In econometrics one often gets the feeling that many of its practitioners think of it as a kind of automatic inferential machine: input data and out comes causal knowledge. This is like pulling a rabbit from a hat. Great — but first you have to put the rabbit in the hat. And this is where assumptions come into the picture.

The assumption of imaginary ‘super populations’ is one of the many dubious assumptions used in modern econometrics.

As social scientists — and economists — we have to confront the all-important question of how to handle uncertainty and randomness. Should we define randomness with probability? If we do, we have to accept that to speak of randomness we also have to presuppose the existence of nomological probability machines, since probabilities cannot be spoken of — and actually, to be strict, do not at all exist — without specifying such system-contexts. Accepting a domain of probability theory and sample space of infinite populations also implies that judgments are made on the basis of observations that are actually never made!

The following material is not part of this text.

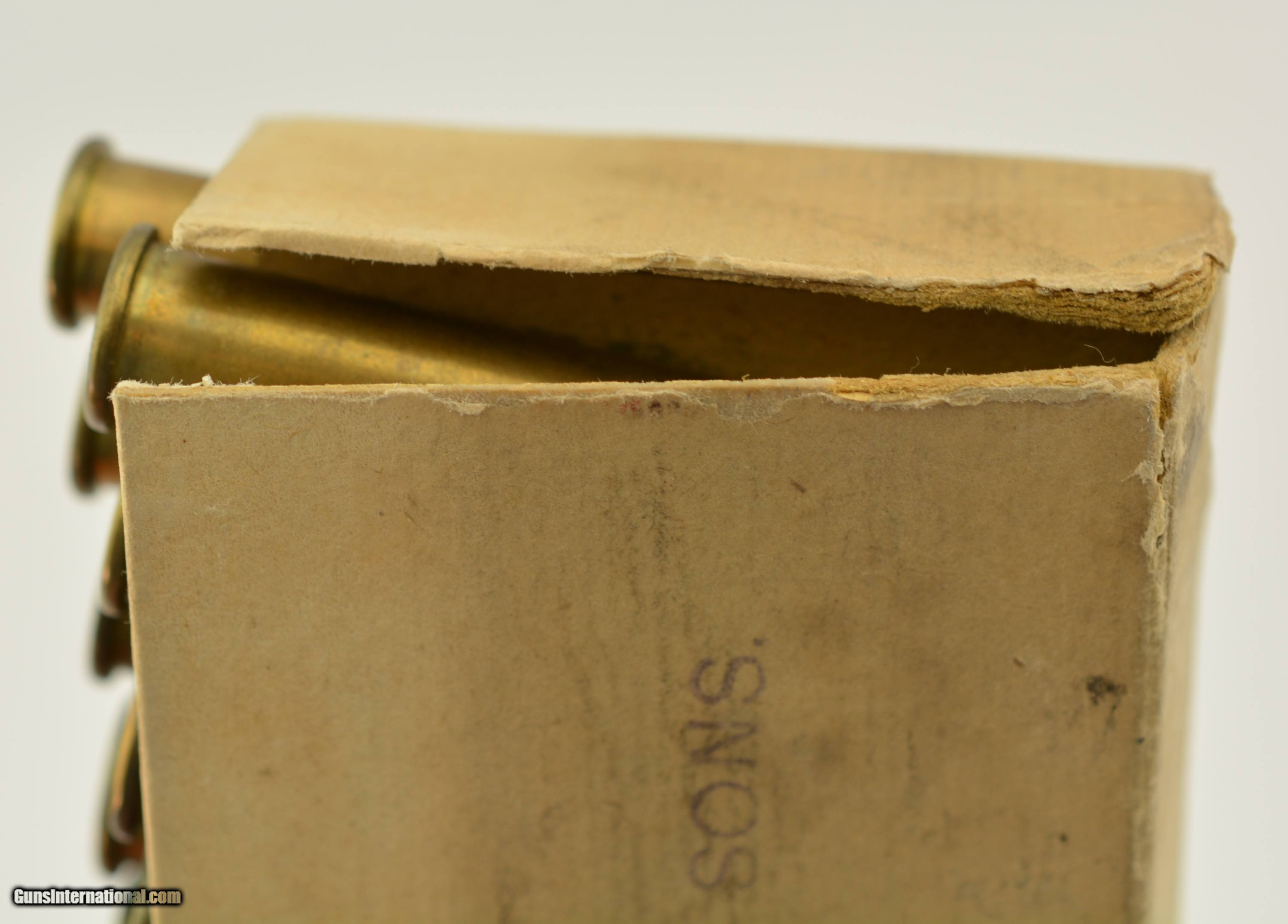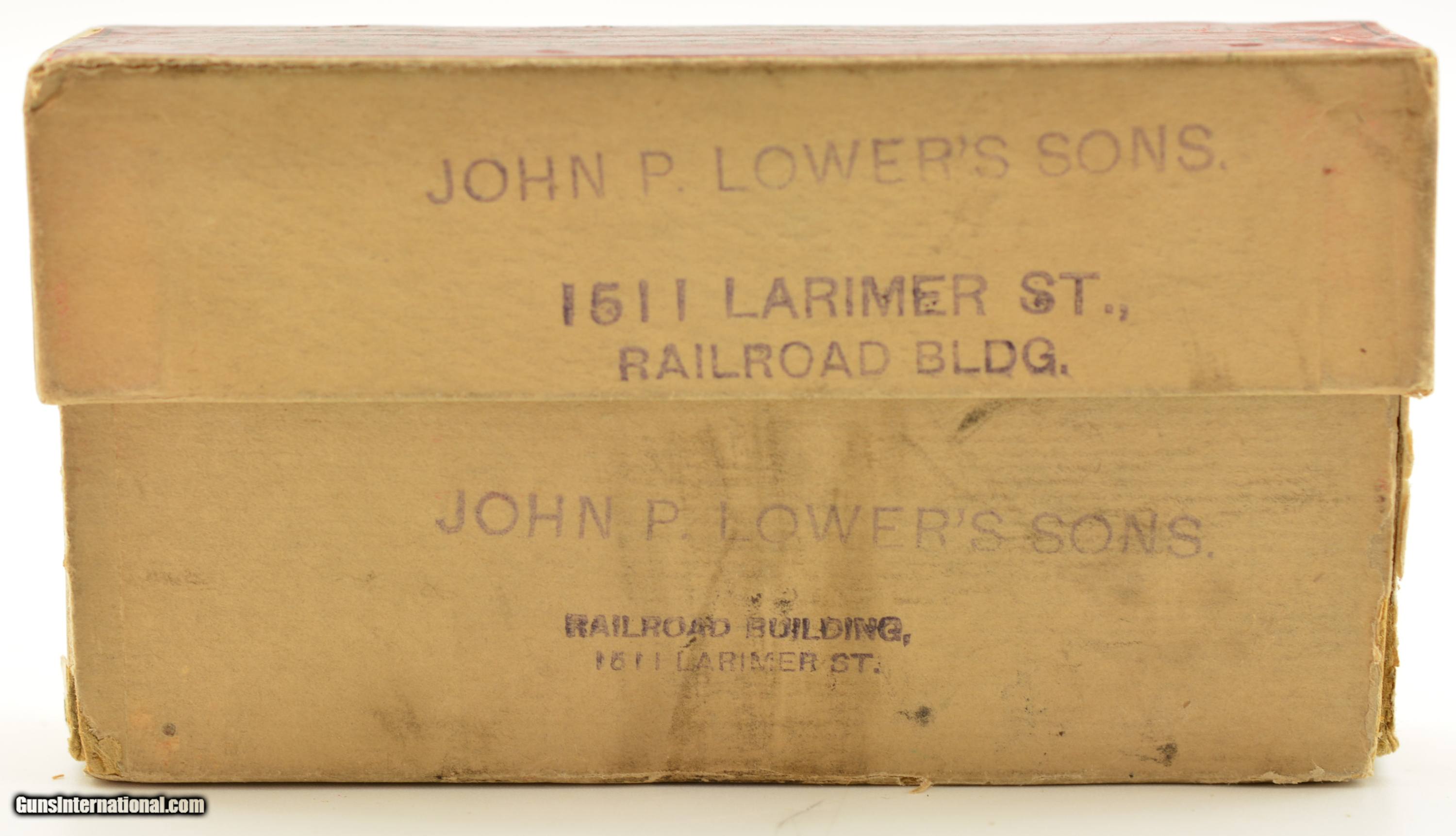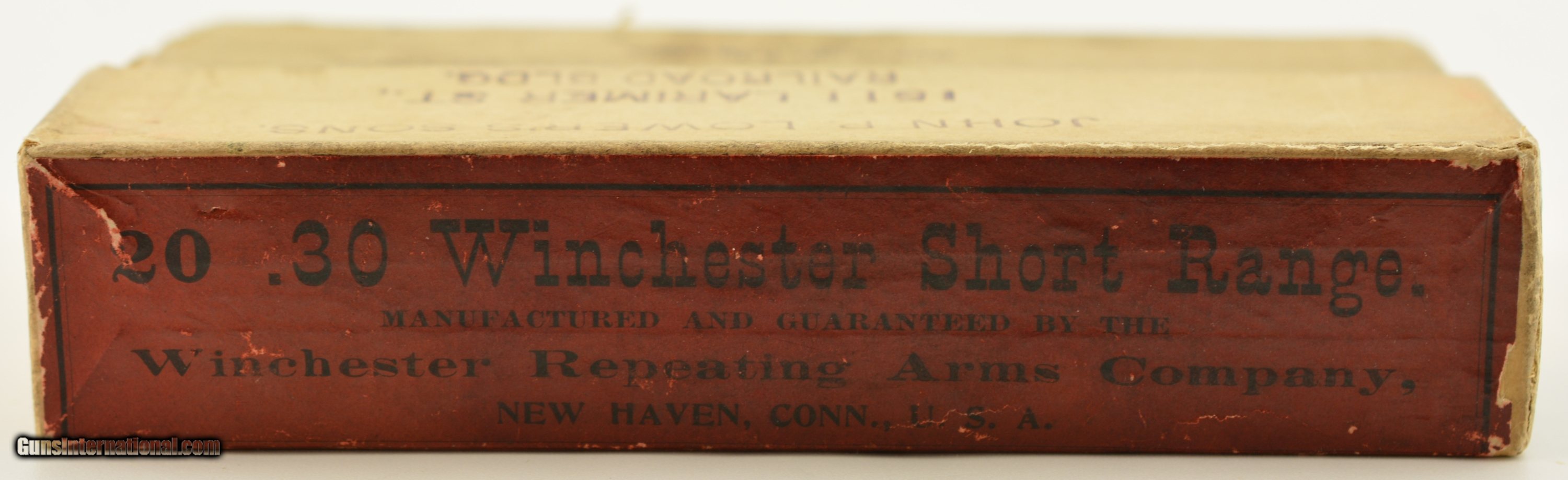 Description: This is a full box, 20 original rounds, of .30 Winchester (.30-30) in the scarce Short Range loading with 100 grain bullets and 6 grains of smokeless powder manufactured by Winchester. The square corner, two piece Variety 2 box (identified on P183 of One Hundred Years of Winchester Cartridge Boxes, 1856-1956 by Giles & Shuey) manufactured circa 1897-1898. The box is in very fine to near excellent condition with an excellent primary label and bright yellow sunbust label stamped with the seller "JOHN P LOWER"S SONS" on the sides having repairable seam separation on the bottom and side edges. The wood inserts are present and the cartridges are in near excellent condition with slight age darkening and some tiny spots of verdigris. SOLD Antique: Yes |

Infinitely repeated trials or samplings never take place in the real world. So that cannot be a sound inductive basis for science with aspirations of explaining real-world socio-economic processes, structures or events. It’s not tenable. Why should we as social scientists — and not as pure mathematicians working with formal-axiomatic systems without the urge to confront our models with real target systems — unquestioningly accept models based on concepts like the ‘infinite super populations’ used in e.g. the ‘potential outcome’ framework that has become so popular lately in social sciences?

One could, of course, treat observational or experimental data as random samples from real populations. I have no problem with that (although it has to be noted that most ‘natural experiments’ are not based on random sampling from some underlying population — which, of course, means that the effect-estimators, strictly seen, only are unbiased for the specific groups studied). But probabilistic econometrics does not content itself with that kind of populations. Instead, it creates imaginary populations of ‘parallel universes’ and assume that our data are random samples from that kind of  ‘infinite super populations.’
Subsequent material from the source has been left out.